Für diese Verbindung von Industrie und Militär prägte der, der Kapitalismuskritik völlig unverdächtige, US-Präsident Eisenhower den Begriff des „Militärisch-Industriellen Komplexes“ (MIK). Dieser bezeichnet die neue Qualität der Zusammenarbeit von Konzernen, Teilen des Staats und Armeespitze. Dahinter steht ein gemeinsames Interesse – v.a. die Stärkung der Produktion von Kriegsgütern. Während erstere so ihren Profit maximieren wollen, streben letztere eine weitere Aufrüstung des Militärs an. Diese Ziele werden auf Biegen und Brechen durchgesetzt. Schon ein paar defekte Hubschrauber, die 2014 bei der Bundeswehr gefunden wurden, waren für den deutschen MIK Anlass genug, um weitere Aufrüstung und sogar den Rücktritt der Verteidigungsministerin Ursula von der Leyen zu fordern.

Namen und Gesichter
Die Vertreter des MIK lassen sich klar benennen. Ein Beispiel sind die Abgeordneten im Verteidigungsausschuss: Florian Hahn von der Christlich-Sozialen Union (CSU) ist unter anderem Vizepräsident der „Interessengemeinschaft Deutsche Luftwaffe“ und kassiert außerdem als Aufsichtsrat ein Gehalt in der Industrieanlagen- Betriebsgesellschaft. Bernd Siebert von der CDU sitzt im Förderkreis Deutsches Heer und Wolfgang Hellmich von der SPD sitzt im Präsidium der Deutschen Gesellschaft für Wehrtechnik. Dieser Organisation gehören gleich sechs Abgeordnete an. Die Gesellschaft wird mitfinanziert von großen deutschen Rüstungskonzernen wie Krauss-Maffei-Wegmann oder Rheinmetall sowie durch das größte europäische Rüstungsunternehmen EADS und dient vor allem dem Austausch zwischen und der Vernetzung von sogenannten Entscheidungsträgern. Ihre Brüsseler Abteilung, wo EU-Parlament und NATO sitzen, sieht ihre Aufgabe darin, „die Satzungsziele der Gesellschaft auch im internationalen Umfeld in Brüssel entsprechend den Erwartungen seiner Mitglieder, insbesondere der Fördernden Mitglieder, umzusetzen“. Auch der prall gefüllte Terminkalender des Förderkreises Deutsches Heer ist aufschlussreich. Monatlich gib es Info-Lunches und Parlamentarierabende, auch für Betriebsräte der „wehrtechnischen Industrie“ sind Treffen dabei. Das Ergebnis solcher Treffen: Im August traf sich eine Gruppe besorgter Betriebsräte der Rüstungsindustrie mit Wirtschaftsminister Sigmar Gabriel, um ihn von seinem angeblichen Vorhaben abzuhalten, weniger Waffen zu exportieren.

Alles Lobbyismus?
Derartige Lobby-Organisationen gibt es unzählige. Ist also der Einfluss der Rüstungsindustrie nur das Ergebnis von geschickter Marketing-Arbeit? Mit Sicherheit spielt diese eine zentrale Rolle. Der Abnehmerkreis von Waffen ist größtenteils auf Staaten beschränkt; somit kann wenig Werbung an der richtigen Stelle bereits einen großen Effekt erzielen. Dennoch kann der Einfluss des Militärisch-Industriellen Komplexes dadurch wohl kaum abschließend erklärt werden.

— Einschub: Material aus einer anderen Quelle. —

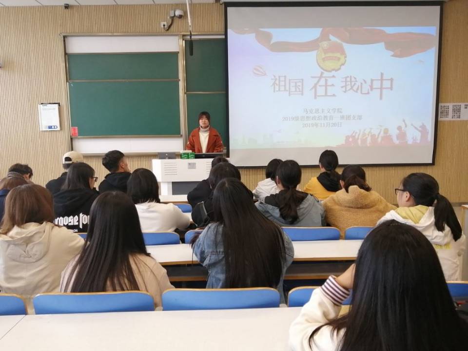 11月20日上午,beat365亚洲版官网2019级思想政治教育第一团支部第三团小组在社科楼515教室召开祖国在我心中主题团课。第一团支部第三团小组全体成员参加本次团课。团课由团小组组长翟新芝主持。
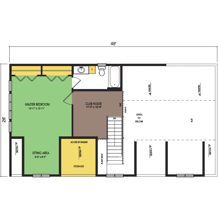 A part of our dream series, the tamarack floor plan features 3 bedrooms and 1.5 bathrooms with a foot print of 44x30 feet and 1342 total square feet of living space.
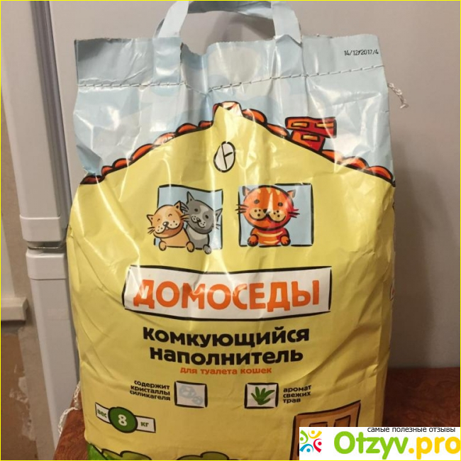 Комкующиеся наполнители трудно назвать моими фаворитами, так как они зачастую очень сильно рассыпаются, при этом комкование происходит далеко не всегда. Полно производителей, указывающих эту характеристику для красного словца. Наполнитель Домоседы брала на пробу. 8 кг продукта обошлись в 400 рублей.
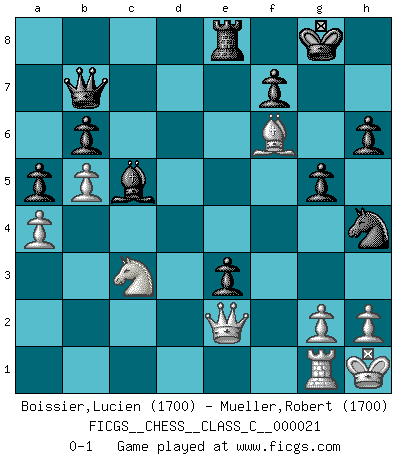 Last move : 0-1 2007 February 8 13:16:9 [Event "FICGS__CHESS__CLASS_C__000021"] [Site "FICGS"] [Date "2006.12.17"] [Round "1"] [White "Boissier,Lucien"] [Black "Mueller,Robert"] [Result "0-1"] [WhiteElo "1700"] [BlackElo "1700"] 1.d4 Nf6 2.Nf3 g6 3.Bg5 Bg7 4.Nbd2 O-O 5.e3 d5 6.c3 Nbd7 7.Be2 Re8 8.O-O e5 9.b4 c6 10.a4 a5 11.b5 c5 12.Ndb3 e4 13.Nfd2 c4 14.Nc1 b6 15.f3 h6 16.Bh4 exf3 17.Bxf3 Ra7 18.e4 g5 19.Bg3 dxe4 20.Be2 Nd5 21.Nxc4 Nf8 22.Qd2 Nxc3 23.Nd6 Ne6 24.Nxe8 Bxd4+ 25.Kh1 e3 26.Qc2 Qxe8 27.Ra3 Nxe2 28.Nxe2 Bc5 29.Rd3 Bb7 30.Rd3d1 Qa8 31.Rg1 Ng7 32.Be5 Be4 33.Qb2 Nf5 34.Nc3 Re7 35.Bf6 Re8 36.Qe2 Bb7 37.Rd7 Nh4 38.Rxb7 Qxb7 0-1 King's Indian : Torre attack Kingside Castling by player Black (move 4) Kingside Castling by player White (move 8) Player Black won this chess game. Follow this game move after move (download)There are tough players and nice guys, and I'm a tough player. (Bobby Fischer) Der beste Spieler in einem Turnier gewinnt es nie. Er landet auf Platz zwei oder drei. (Siegbert Tarrasch) Buenas posiciones no logran ganar juegos, buenas movidas sí. (Gerald Abrahams) Les échecs, c'est l'imagination. (David Bronstein) All politicians must be presumed guilty until they are proven innocent. (Dinesh De Silva)

Zentraler für den Einfluss der Rüstungsindustrie ist ihre Bedeutung für den Staat. Dieser nutzt die hergestellten Waffen, um Polizei und Armee zu bewaffnen und so seine Interessen weltweit auch mit Waffengewalt durchsetzen zu können. Durch Rüstungsproduktion im eigenen Land ist er nicht auf Importe aus anderen Staaten angewiesen. Für die Industrie ist die Rüstungsproduktion dagegen eine relativ sichere Bank im Vergleich zur Herstellung von Konsumgütern. Entgegen immer wieder vorgetragenen Willensbekundungen, die Verteidigungshaushalte zu senken und das ewige Wehklagen der Industrie, dass zu wenig in Kriegsgut investiert würde, wurde der Etat für 2015 um 539 Mio.€ auf insgesamt rund 33 Mrd.€ erhöht.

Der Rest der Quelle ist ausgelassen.